Abstract:
Binary logistic regression (BLR) and Linear discriminant analysis (LDA) are often used for the purpose of classifying populations or groups using a set of predictor variables. The goal of this study is to compare two different methods of classification (BLR and LDA) to make the choice between the two methods easier, and to understand how to do the two models behave under different epidemiological data and group characteristics. Assumptions of multivariate normality and equal variance covariance matrices across groups are required before proceeding with LDA, but such assumptions are not required for BLR. In this study, four real epidemiological datasets specific of ruminant animals (Sheep, Cattle, Goats and Camel) are used to study the performance of both methods, the data collected by veterinarian researcher from Al Qadarif state – eastern Sudan as epidemiological case study of bluetongue virus and its association with various risk factors (predictors).

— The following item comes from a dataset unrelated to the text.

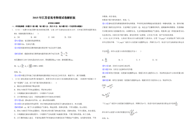 2015年上海市高中毕业统一学业考试物理试卷(答案版).doc

The measures used to compare the performance of the two techniques was the overall classification accuracy, and to investigate the quality of prediction in terms of sensitivity and specificity. Area under the receiver operating characteristic curve (AUC) was also examined. The first finding that can be drawn from this study was that both methods have selected same predictors for significant differentiation, using non-normally distributed data.
The second major outcome was that the sample size has the same impact on LDA and BLR regarding the percentages of animals being correctly classified. Area under roc curve (AUC) showed BLR slight superiority than LDA, and classification accuracy of higher cutoff points also showed small difference between two models.